What you are asked to do: In the entries that follow, repeat exactly the lines from the one that has "ATLANTE DELLE QUINDICI" through the one that has "Пирожное состоит из", but omit pictures.

Exercise material:
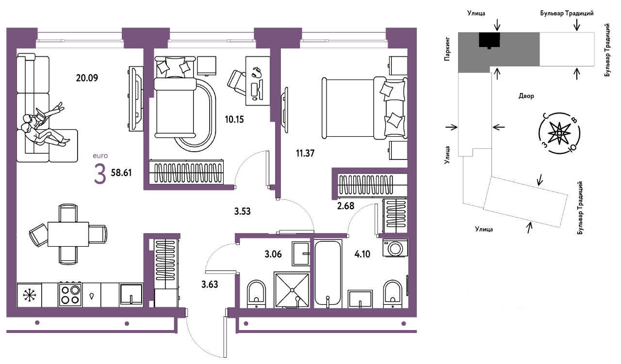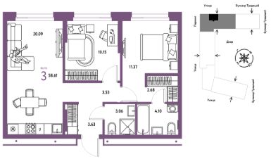 Продается 3комнатная квартира на 8 этаже от застройщика Страна Девелопмент. Площадь квартиры 58,61 кв. м.
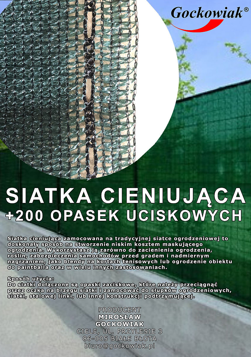 Tieniaca sieť je vynikajúci spôsob, ako vytvoriť maskovacie oplotenie s nízkymi nákladmi. Jej hlavným účelom je obmedziť viditeľnosť a prístup svetla pri súčasnom zachovaní správnej ventilácie. Sieť je husto pletená, vyrobená z najkvalitnejších materiálov HDPE a PP. Obsahuje UV filter, ktorý posilňuje a predlžuje jej životnosť. Redukuje až 90 % slnečného svetla. Verzia so zosilnením vo forme polypropylénových švov blízko montážnych očiek. V balení je 200 kusov sťahovacích pásikov. Sieť je zložená do kompaktných rozmerov pre prepravu.
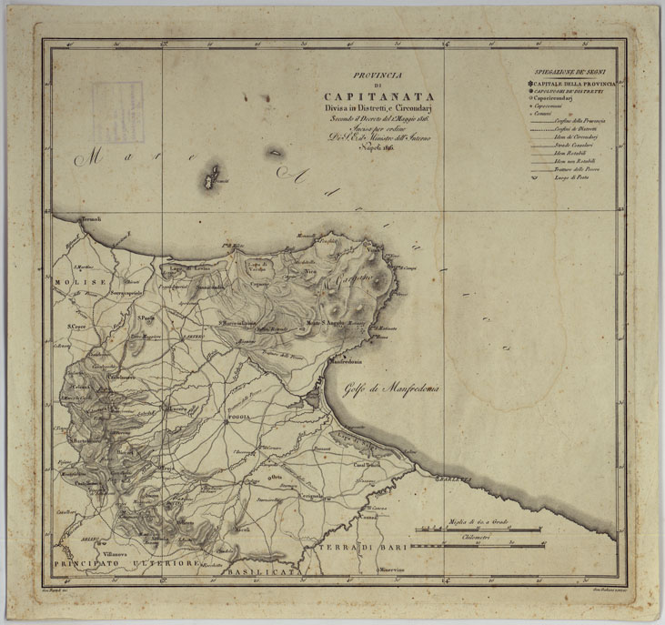 ATLANTE DELLE QUINDICI PROVINCIE AL DI QUA DEL FARO DEL REGNO DELLE DUE SICILIE A NORMA DELLA LEGGE DEL 1° MAGGIO 1816. INCISE D'ORDINE DI S. E. IL SEGRETARIO DI STATO MINISTRO DEGLI AFFARI INTERNI DA GENNARO BARTOLI - PROVINCIA DI CAPITANATA.
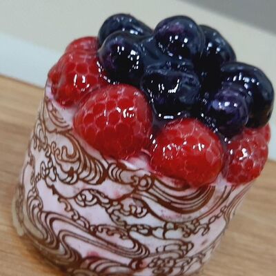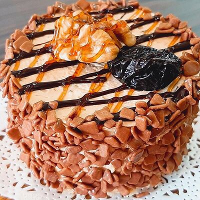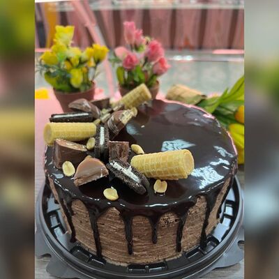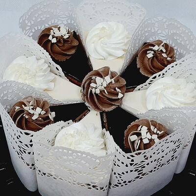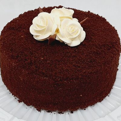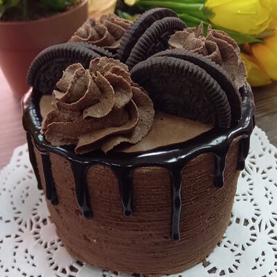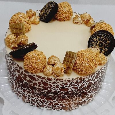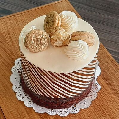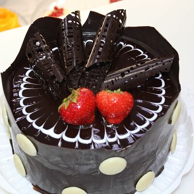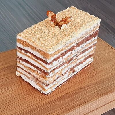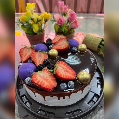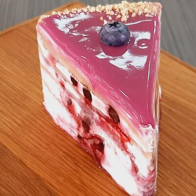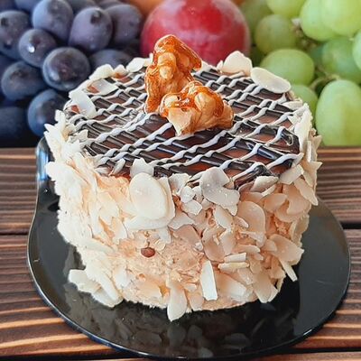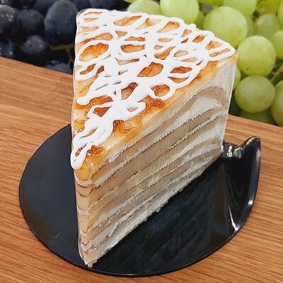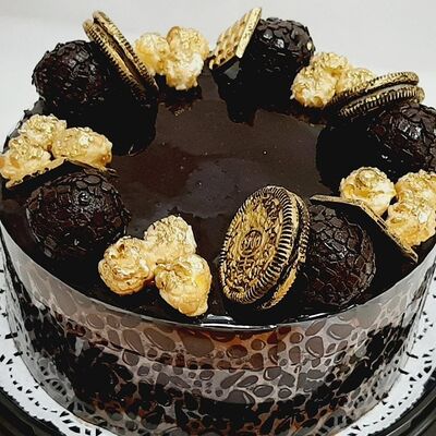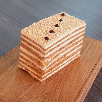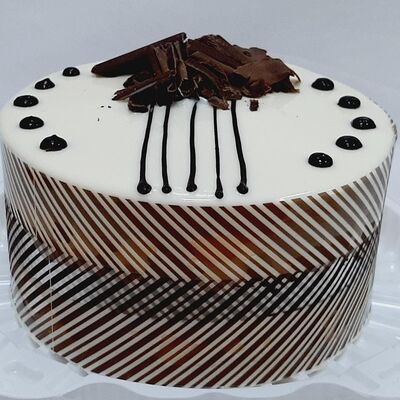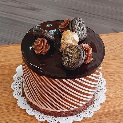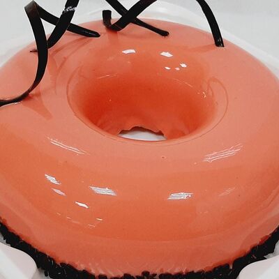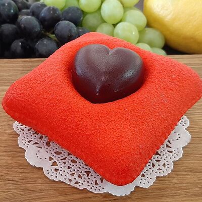 Пирожное состоит из шоколадного плотного бисквита и двух видов мусса (шоколадный мусс, манговый мусс). Этот торт окунет вас в атмосферу солнечного лета
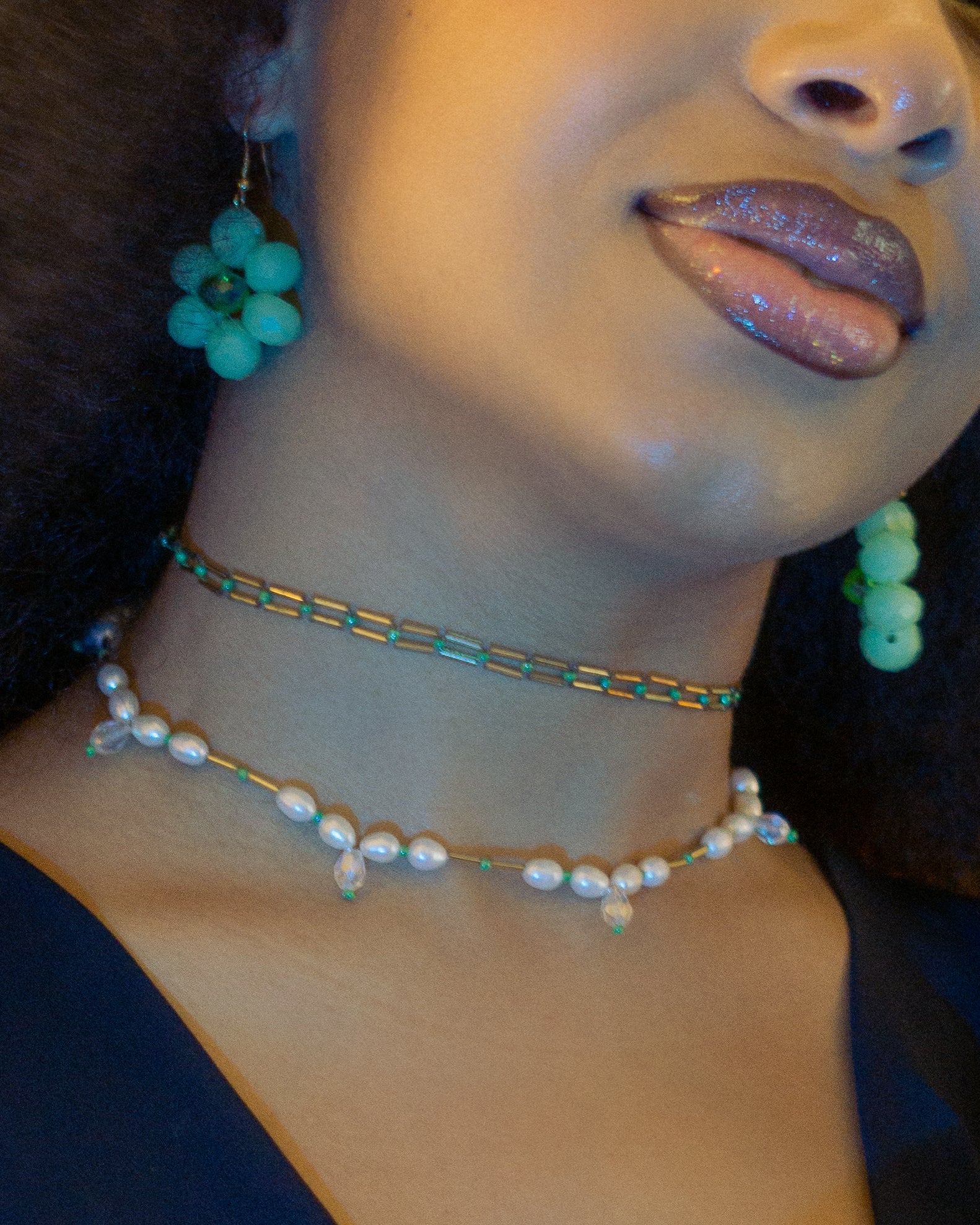 Découvrez le joyau captivant de la Collection Classiques : le choker Lolita. Façonné à partir de perles de verre dorées, tissées à la main avec minutie pour former une chaîne délicate. Ce choker évoque l'élégance sophistiquée des rêveuses audacieuses qui osent exprimer leur individualité à travers chaque détail de leur style.

Worked solution:
 ATLANTE DELLE QUINDICI PROVINCIE AL DI QUA DEL FARO DEL REGNO DELLE DUE SICILIE A NORMA DELLA LEGGE DEL 1° MAGGIO 1816. INCISE D'ORDINE DI S. E. IL SEGRETARIO DI STATO MINISTRO DEGLI AFFARI INTERNI DA GENNARO BARTOLI - PROVINCIA DI CAPITANATA.
 Пирожное состоит из шоколадного плотного бисквита и двух видов мусса (шоколадный мусс, манговый мусс). Этот торт окунет вас в атмосферу солнечного лета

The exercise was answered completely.